What lines in the entries hold the string "with"? List them.

=== MATERIALS PROVIDED ===

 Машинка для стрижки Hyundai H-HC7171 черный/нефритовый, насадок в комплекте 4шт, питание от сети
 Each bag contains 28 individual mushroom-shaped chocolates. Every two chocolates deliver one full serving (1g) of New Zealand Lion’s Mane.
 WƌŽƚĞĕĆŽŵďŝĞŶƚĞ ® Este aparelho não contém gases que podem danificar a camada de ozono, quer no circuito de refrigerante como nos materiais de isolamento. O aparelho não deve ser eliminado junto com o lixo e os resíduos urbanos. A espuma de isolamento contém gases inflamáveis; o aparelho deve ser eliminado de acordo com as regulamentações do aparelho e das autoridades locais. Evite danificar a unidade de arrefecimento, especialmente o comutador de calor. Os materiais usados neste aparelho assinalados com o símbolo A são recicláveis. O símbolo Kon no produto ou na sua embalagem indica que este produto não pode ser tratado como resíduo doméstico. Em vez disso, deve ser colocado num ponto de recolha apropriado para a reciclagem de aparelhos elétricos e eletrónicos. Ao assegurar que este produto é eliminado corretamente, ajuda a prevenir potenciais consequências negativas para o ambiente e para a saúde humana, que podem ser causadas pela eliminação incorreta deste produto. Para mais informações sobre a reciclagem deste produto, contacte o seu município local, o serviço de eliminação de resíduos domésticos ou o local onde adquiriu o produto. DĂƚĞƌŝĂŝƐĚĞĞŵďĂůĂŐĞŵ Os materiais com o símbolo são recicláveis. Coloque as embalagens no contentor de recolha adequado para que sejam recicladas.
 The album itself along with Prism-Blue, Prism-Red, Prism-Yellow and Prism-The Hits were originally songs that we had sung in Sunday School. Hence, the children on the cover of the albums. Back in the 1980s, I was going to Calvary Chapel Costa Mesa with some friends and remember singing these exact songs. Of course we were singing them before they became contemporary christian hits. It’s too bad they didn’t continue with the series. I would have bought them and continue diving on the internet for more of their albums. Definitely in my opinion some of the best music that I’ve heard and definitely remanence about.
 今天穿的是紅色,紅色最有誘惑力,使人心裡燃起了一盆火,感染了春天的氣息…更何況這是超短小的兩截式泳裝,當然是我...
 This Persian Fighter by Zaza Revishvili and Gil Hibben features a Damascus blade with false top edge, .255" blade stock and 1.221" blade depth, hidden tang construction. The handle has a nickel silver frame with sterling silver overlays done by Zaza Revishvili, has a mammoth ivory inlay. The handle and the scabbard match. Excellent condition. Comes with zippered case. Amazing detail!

===
=== MATERIALS PROVIDED ===

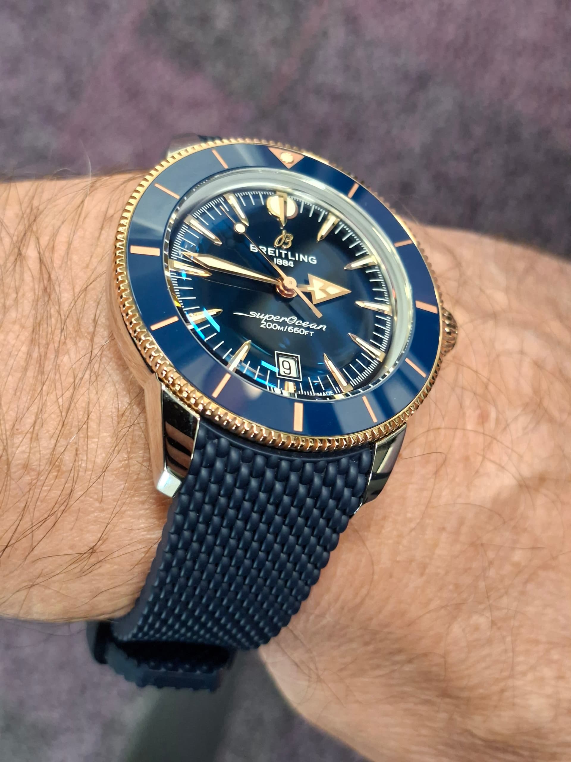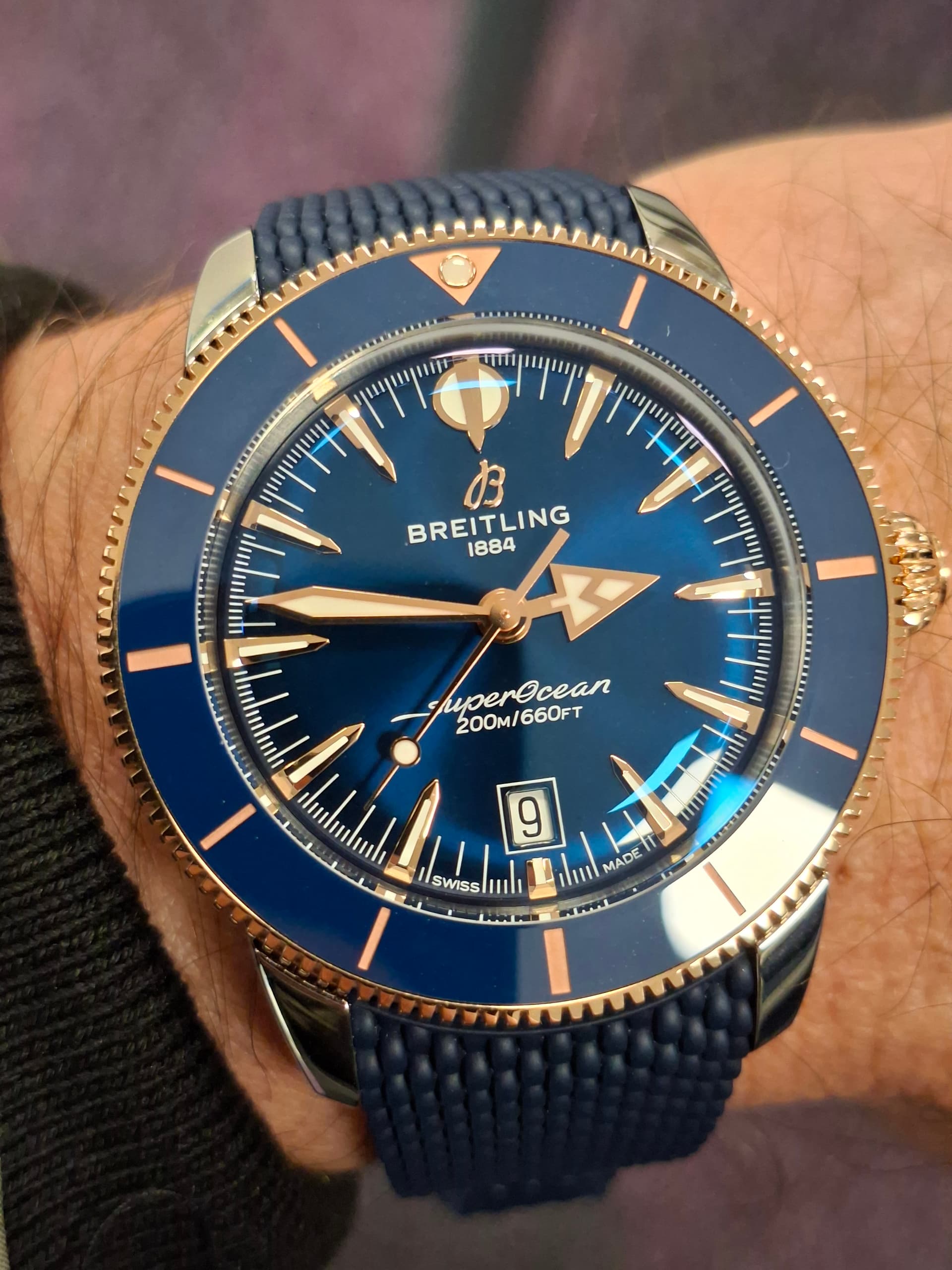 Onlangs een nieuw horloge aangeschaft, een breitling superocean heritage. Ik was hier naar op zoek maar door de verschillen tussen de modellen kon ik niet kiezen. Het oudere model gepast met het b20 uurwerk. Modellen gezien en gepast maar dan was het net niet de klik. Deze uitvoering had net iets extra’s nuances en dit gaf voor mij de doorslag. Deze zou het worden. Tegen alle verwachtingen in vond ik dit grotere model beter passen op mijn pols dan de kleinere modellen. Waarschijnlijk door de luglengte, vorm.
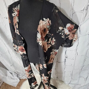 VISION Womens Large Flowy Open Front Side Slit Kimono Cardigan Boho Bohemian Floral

===
=== MATERIALS PROVIDED ===

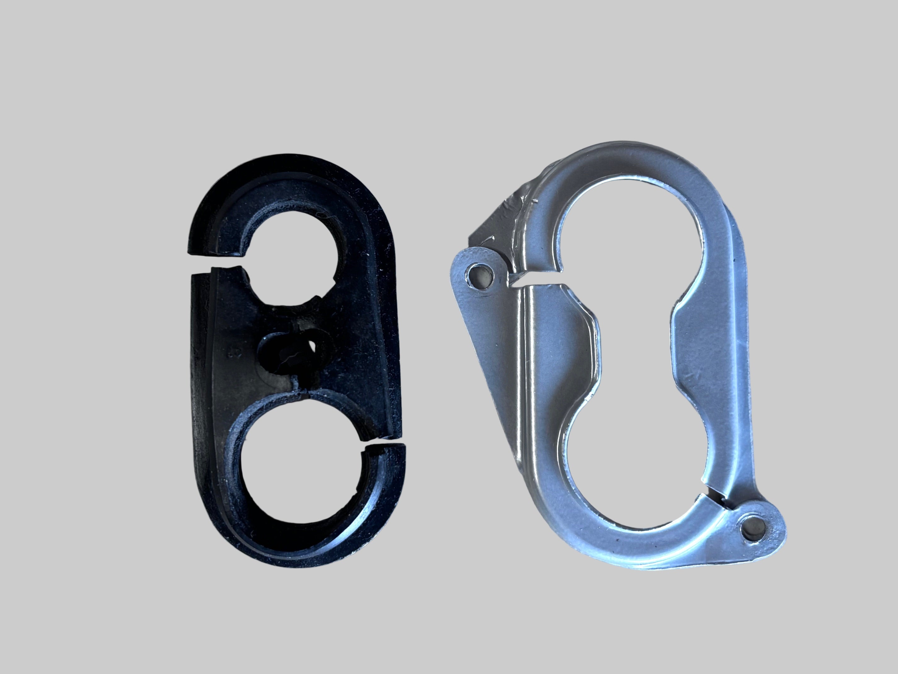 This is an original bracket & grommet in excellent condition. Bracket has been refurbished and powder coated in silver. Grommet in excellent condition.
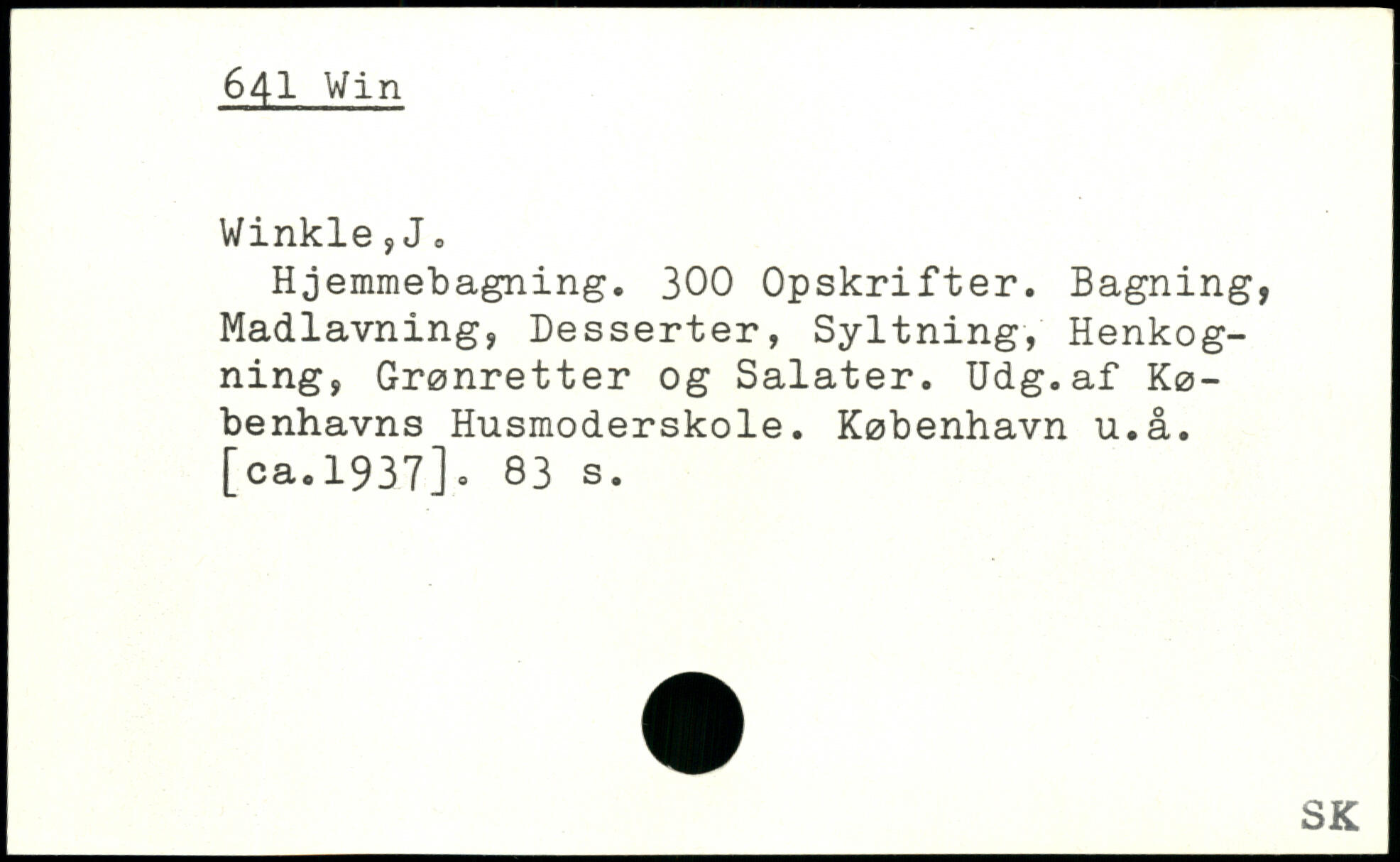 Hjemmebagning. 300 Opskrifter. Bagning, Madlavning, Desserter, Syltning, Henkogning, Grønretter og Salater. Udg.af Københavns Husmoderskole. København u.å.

===

YOUR RESPONSE ::
 The album itself along with Prism-Blue, Prism-Red, Prism-Yellow and Prism-The Hits were originally songs that we had sung in Sunday School. Hence, the children on the cover of the albums. Back in the 1980s, I was going to Calvary Chapel Costa Mesa with some friends and remember singing these exact songs. Of course we were singing them before they became contemporary christian hits. It’s too bad they didn’t continue with the series. I would have bought them and continue diving on the internet for more of their albums. Definitely in my opinion some of the best music that I’ve heard and definitely remanence about.
 This Persian Fighter by Zaza Revishvili and Gil Hibben features a Damascus blade with false top edge, .255" blade stock and 1.221" blade depth, hidden tang construction. The handle has a nickel silver frame with sterling silver overlays done by Zaza Revishvili, has a mammoth ivory inlay. The handle and the scabbard match. Excellent condition. Comes with zippered case. Amazing detail!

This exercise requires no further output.